**Required work**:
Copy out the listing that follows exactly, dropping every picture.

**** Stored data

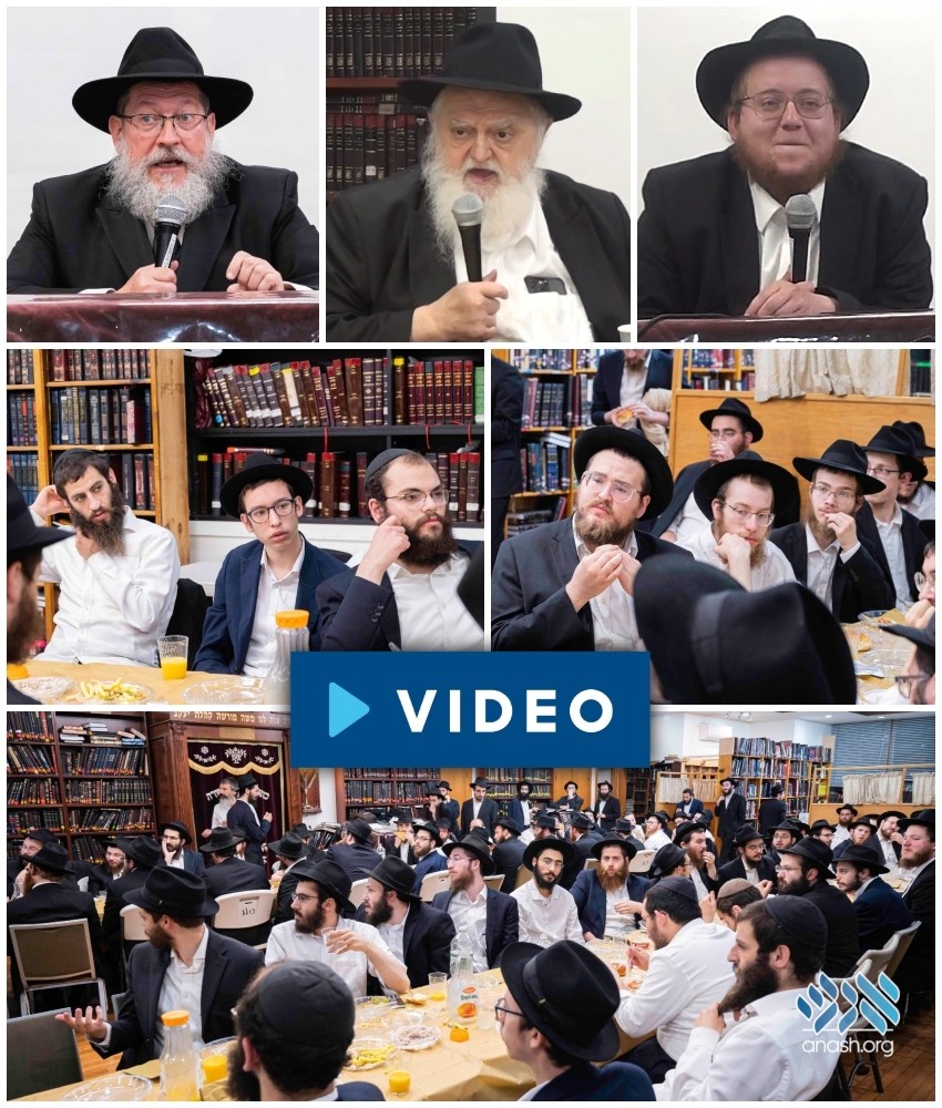 Addressing the farbrengen were members of Rabbi Shlomo Zarchi representing Hanhalas Hayeshiva, and guest speaker Rabbi Levi Garelik.
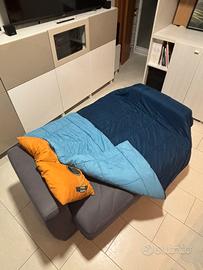 Vendo divano letto 2 posti in tessuto grigio scuro, in buone condizioni.
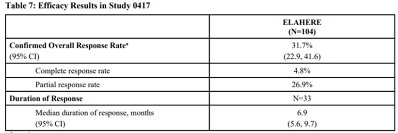 ELAHERE®是依据FDA的加速批准路径,基于关键性单臂研究SORAYA试验的客观缓解率(ORR)和缓解持续时间(DOR)数据获得批准。SORAYA试验是一项单臂研究,入组106名铂耐药卵巢癌患者,患者入选标准是FRα高表达、先前已接受过1-3线治疗方案且至少接受过一线含贝伐珠单抗治疗的铂耐药卵巢癌患者。所有患者每3周接受6mg/kg的mirvetuximab soravtansine静脉输注,直到疾病进展或不可接受的毒性。该研究的主要终点为经研究者评估的ORR,关键次要终点为DOR。研究者评估的ORR为31.7%,包括5例完全缓解(CR)。研究者评估的中位DOR为6.9个月。

********

**Reply**:
 Addressing the farbrengen were members of Rabbi Shlomo Zarchi representing Hanhalas Hayeshiva, and guest speaker Rabbi Levi Garelik.
 Vendo divano letto 2 posti in tessuto grigio scuro, in buone condizioni.
 ELAHERE®是依据FDA的加速批准路径,基于关键性单臂研究SORAYA试验的客观缓解率(ORR)和缓解持续时间(DOR)数据获得批准。SORAYA试验是一项单臂研究,入组106名铂耐药卵巢癌患者,患者入选标准是FRα高表达、先前已接受过1-3线治疗方案且至少接受过一线含贝伐珠单抗治疗的铂耐药卵巢癌患者。所有患者每3周接受6mg/kg的mirvetuximab soravtansine静脉输注,直到疾病进展或不可接受的毒性。该研究的主要终点为经研究者评估的ORR,关键次要终点为DOR。研究者评估的ORR为31.7%,包括5例完全缓解(CR)。研究者评估的中位DOR为6.9个月。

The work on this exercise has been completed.